* _Task directions_:
Skip every image and restate the data word for word.

* _Data below_:
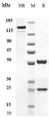 Anti-MU5AC Antibody (ensituximab) on SDS-PAGE under reducing (R) condition. The purity of the protein is greater than 95%.
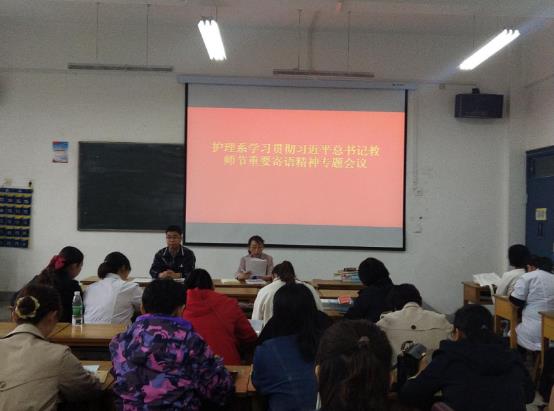會上,護(hù)理系主任韓曉萍領(lǐng)學(xué)了《習(xí)近平總書記教育重要論述講義》,重溫了總書記教師節(jié)重要寄語及精神。她指出,全體教職員工要牢記習(xí)近平總書記“不忘立德樹人初心,牢記為黨育人、為國育才使命”的責(zé)任擔(dān)當(dāng),積極探索,在教書育人的崗位上不斷作出新的重大貢獻(xiàn)。她要求,每位教職員工撰寫一篇學(xué)習(xí)心得體會,提高認(rèn)識,牢記使命,立足實際,為黨和國家培育社會主義建設(shè)者和接班人。
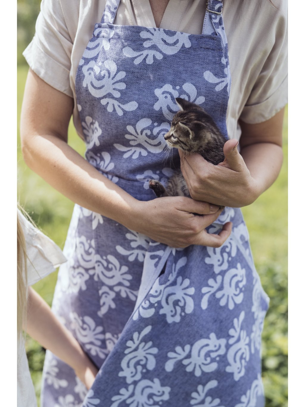 Táto ľanová kuchynská zástera je navrhnutá s dôrazom na eleganciu aj praktickosť – ideálna pre každodenné varenie, ale aj ako darček pre milovníkov štýlového bývania. Dizajn tkaniny vznikol v spolupráci s Ústredím ľudovej umeleckej výroby (ÚĽUV) pre projekt Otvorený ateliér.

* _Task solution_:
 Anti-MU5AC Antibody (ensituximab) on SDS-PAGE under reducing (R) condition. The purity of the protein is greater than 95%.
會上,護(hù)理系主任韓曉萍領(lǐng)學(xué)了《習(xí)近平總書記教育重要論述講義》,重溫了總書記教師節(jié)重要寄語及精神。她指出,全體教職員工要牢記習(xí)近平總書記“不忘立德樹人初心,牢記為黨育人、為國育才使命”的責(zé)任擔(dān)當(dāng),積極探索,在教書育人的崗位上不斷作出新的重大貢獻(xiàn)。她要求,每位教職員工撰寫一篇學(xué)習(xí)心得體會,提高認(rèn)識,牢記使命,立足實際,為黨和國家培育社會主義建設(shè)者和接班人。
 Táto ľanová kuchynská zástera je navrhnutá s dôrazom na eleganciu aj praktickosť – ideálna pre každodenné varenie, ale aj ako darček pre milovníkov štýlového bývania. Dizajn tkaniny vznikol v spolupráci s Ústredím ľudovej umeleckej výroby (ÚĽUV) pre projekt Otvorený ateliér.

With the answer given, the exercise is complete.